**Recorded data:**
○ ○ ○ ○ ○ ○ ○

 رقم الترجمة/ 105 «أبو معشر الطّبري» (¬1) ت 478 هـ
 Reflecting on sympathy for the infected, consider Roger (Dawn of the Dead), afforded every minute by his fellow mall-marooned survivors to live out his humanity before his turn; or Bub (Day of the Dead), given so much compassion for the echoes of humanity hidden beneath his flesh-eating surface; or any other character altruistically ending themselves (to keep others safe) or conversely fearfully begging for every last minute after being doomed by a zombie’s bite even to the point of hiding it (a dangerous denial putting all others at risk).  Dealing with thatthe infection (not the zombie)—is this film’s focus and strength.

○ ○ ○ ○ ○ ○ ○

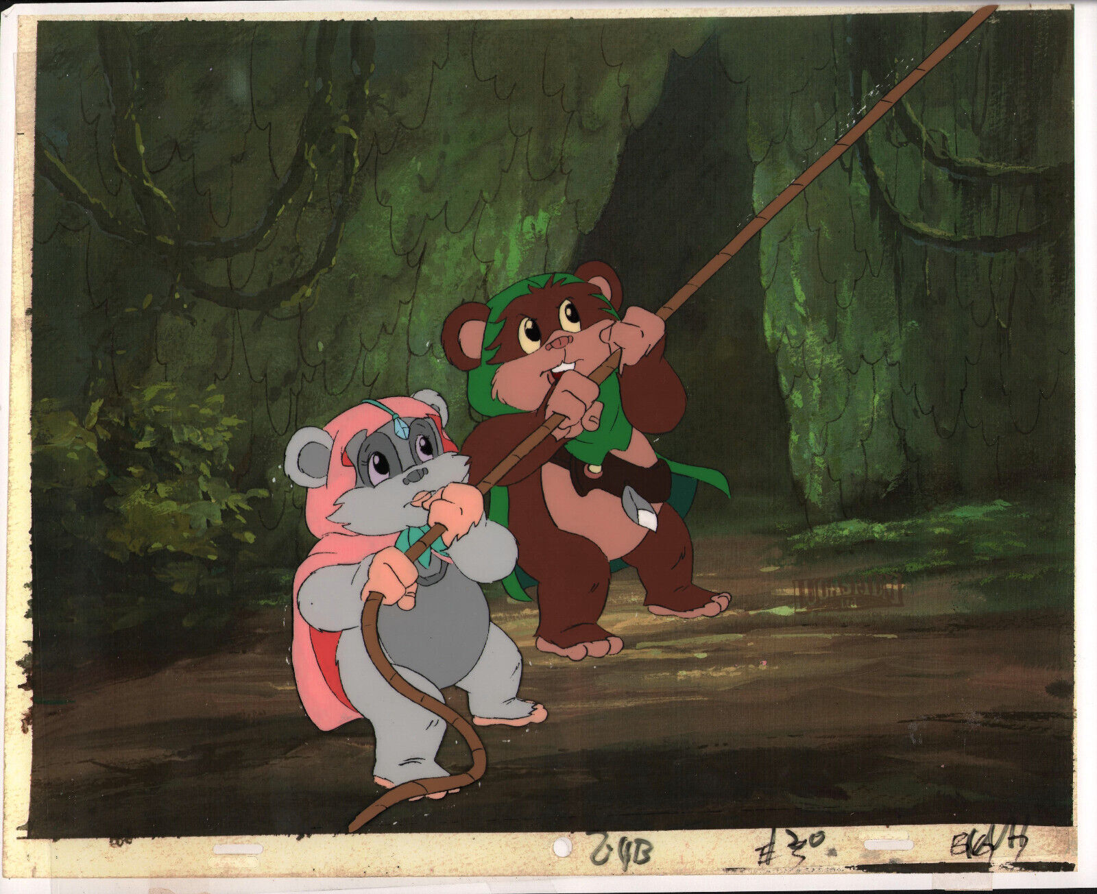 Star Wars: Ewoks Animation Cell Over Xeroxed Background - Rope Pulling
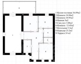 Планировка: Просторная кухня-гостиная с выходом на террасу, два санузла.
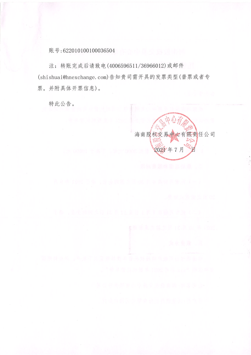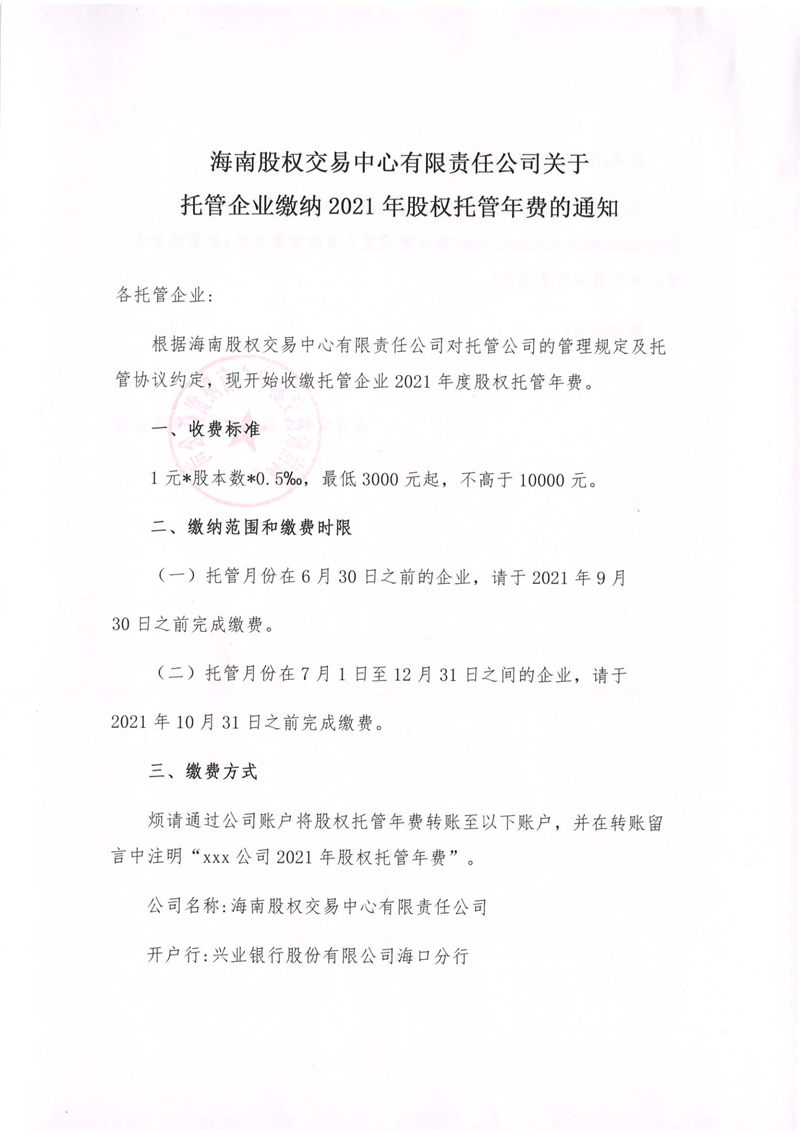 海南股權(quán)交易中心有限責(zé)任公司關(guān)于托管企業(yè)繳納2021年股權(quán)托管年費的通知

○ ○ ○ ○ ○ ○ ○

Only the lines above from the one with "رقم الترجمة/ 105" up to and including the one with "Reflecting on sympathy" should be repeated, exactly as written.

**Answer to this task:**
 رقم الترجمة/ 105 «أبو معشر الطّبري» (¬1) ت 478 هـ
 Reflecting on sympathy for the infected, consider Roger (Dawn of the Dead), afforded every minute by his fellow mall-marooned survivors to live out his humanity before his turn; or Bub (Day of the Dead), given so much compassion for the echoes of humanity hidden beneath his flesh-eating surface; or any other character altruistically ending themselves (to keep others safe) or conversely fearfully begging for every last minute after being doomed by a zombie’s bite even to the point of hiding it (a dangerous denial putting all others at risk).  Dealing with thatthe infection (not the zombie)—is this film’s focus and strength.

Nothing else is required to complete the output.